Я чужд всякого чувства суетной славы, и первое мое желание — остановить кровопролитие. Из всего видно, что в будущей кампании, случись таковая, многочисленные и искусно управляемые войска утроят число жертв, павших уже при возобновлении враждебных действий.

Я слишком хорошо знаю характер Вашего Величества, чтобы усомниться в желании Вашего сердца. Если Вы последуете только его внушениям, я вижу возможность согласовать интересы обеих наций.

В предшествовавших отношениях я был лично удостоен некоторой благосклонности Вашего Величества. Прошу принять мой теперешний поступок как желание сделаться достойным этой благосклонности и как знак моего особенного уважения к Вашему Величеству.

Бонапарт,

Первый консул Французской Республики».

Если бы сила действия, которую новый законодатель обозначил в своей конституции, создав Первого консула и выбрав для этого звания величайшего полководца своего времени, не согласовалась со свободой, все готовы были пожертвовать для нее даже свободой; но общее желание все же клонилось к тому, чтобы силу власти по возможности согласовывать с силой свободы. Так думали не низкие возмутители, не отъявленные республиканцы, но все люди умные и образованные, которым не хотелось, чтобы революция так скоро и так положительно сама себя изменила.

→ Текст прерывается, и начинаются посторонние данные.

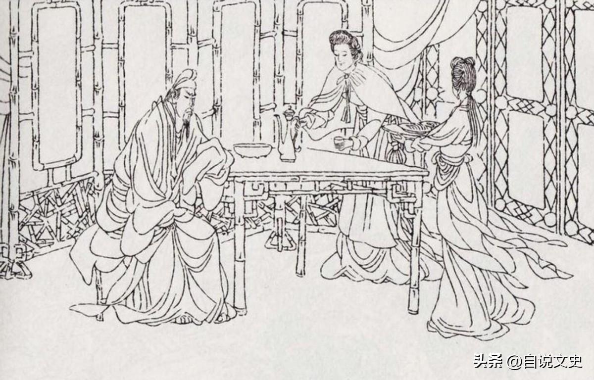 喝到傍晚的时候,异人从袋子里拿出一些钱,给了乞丐,说:“这些钱,就当是给你买胭脂的钱吧,不要推辞了。”
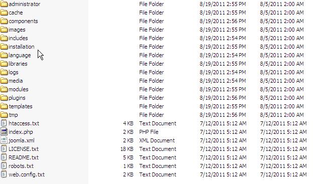 The files you extract will be very similar to this – INCLUDING a file called “installation.”
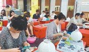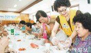 8일 대구 중구 달성동 대한적십자사 대구지사 별관에서 열린 건강한 여름나기 행사에서 봉사단원들이 노인들에게 삼계탕을 대접하고 있다. 대한적십자사 대구지사 제공}
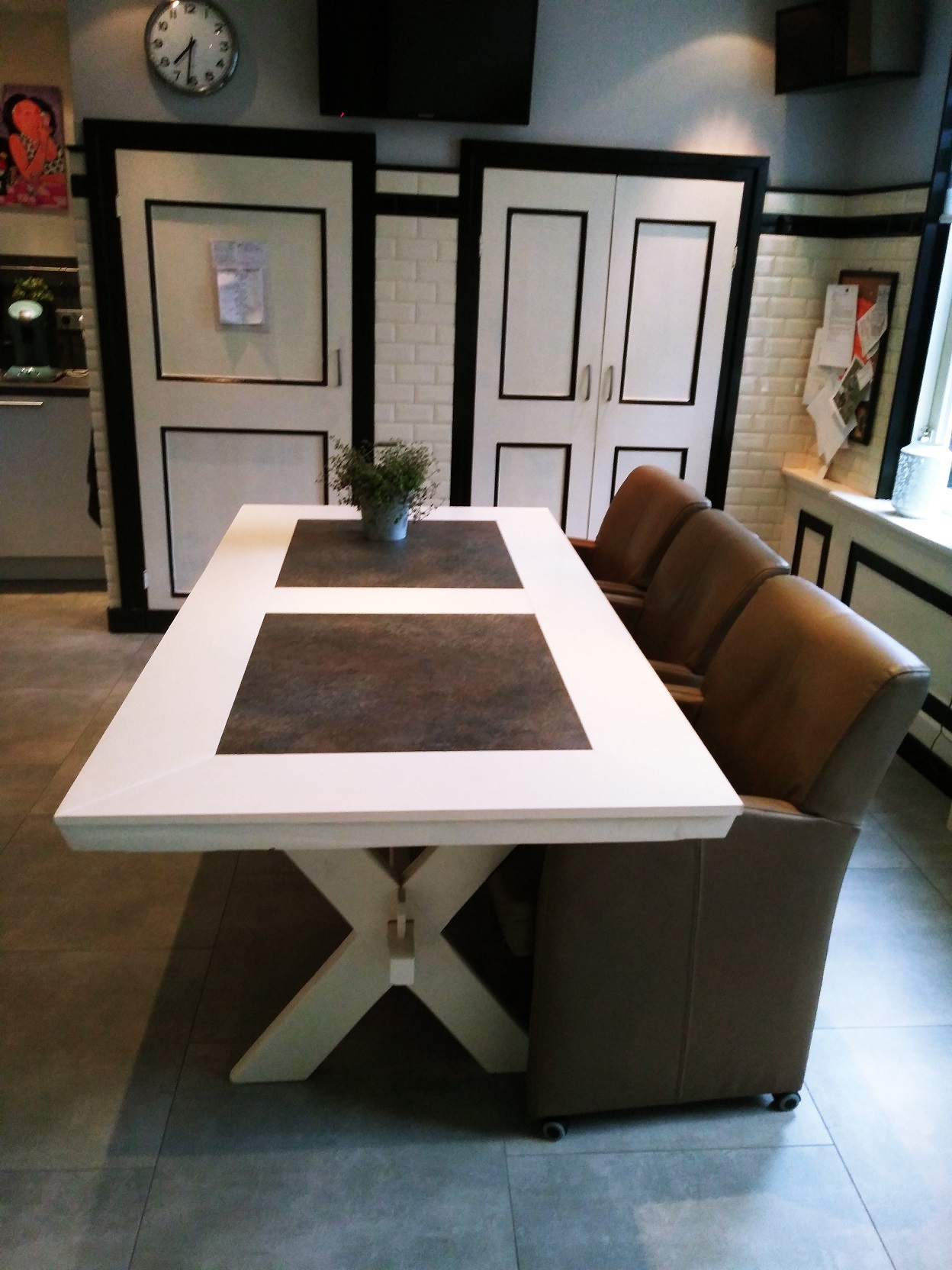 Ook de tafel die vermaakt is met de Keuken bladen.
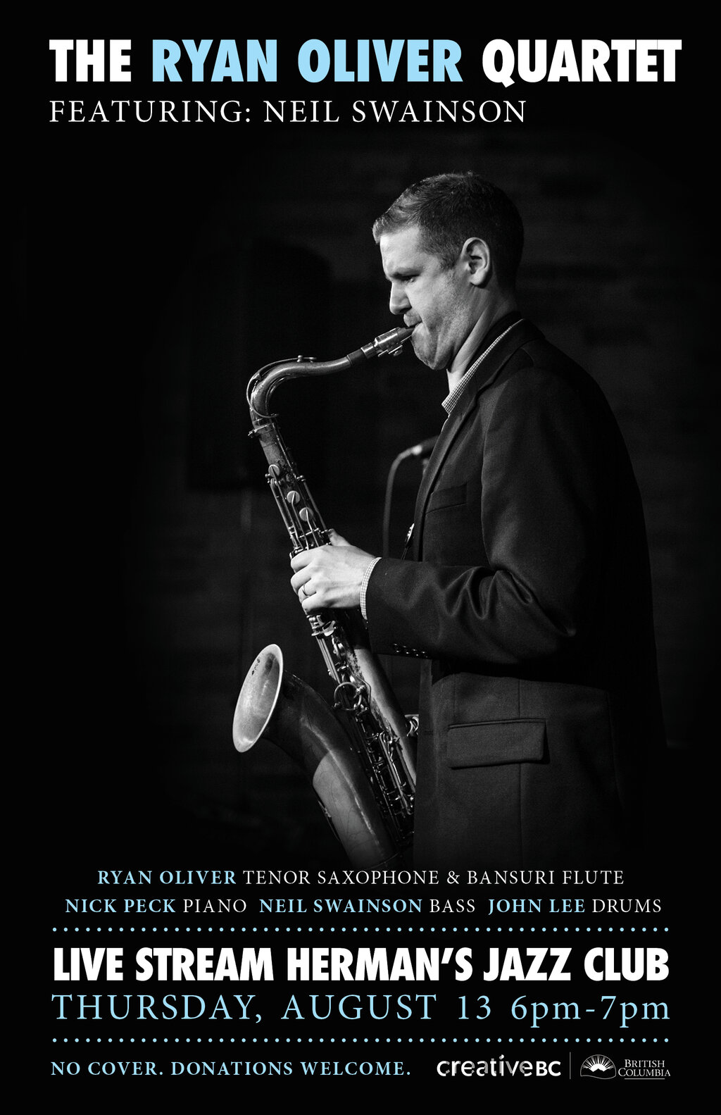 Ryan Oliver Quartet f. Neil Swainson LIVE STREAMED SHOW

Всякая реакция, какой бы она ни была всеобъемлющей, не может увлечь всех и каждого; она даже раздражает и возмущает тех, кого не увлекает. Шенье, Андриё, Дону, Бенжамен Констан, заседавшие в Трибунате, и Тра-си, Вольней, Кабанис из Сената хотя и сожалели о преступлениях террора, но отнюдь не расположены были думать, что Французская революция демонстрировала несправедливость к своим противникам. Их оскорбляло возвращение к монархическим и религиозным началам прежнего времени, а в особенности — неумеренная быстрота, с которой старинные идеи водворялись вновь. Неудовольствие их было так велико, что они даже не старались скрыть его. В большинстве своем они были искренни: привязанные к революции всей душой, они хотели ее победы во всем, кроме кровопролития и грабежей, и решительно не желали того, что многие предвидели в глубоком замысле будущего диктатора.

Они были согласны не преследовать священников, но не могли перенести, чтоб «святошам» покровительствовали, возвращали их к алтарям; это было уже слишком для верных последователей философии восемнадцатого века. Придать единства и силы правительственной власти — на это они соглашались, но довести ее до монархического единодержавия в пользу полководца — это уже было излишним в их глазах.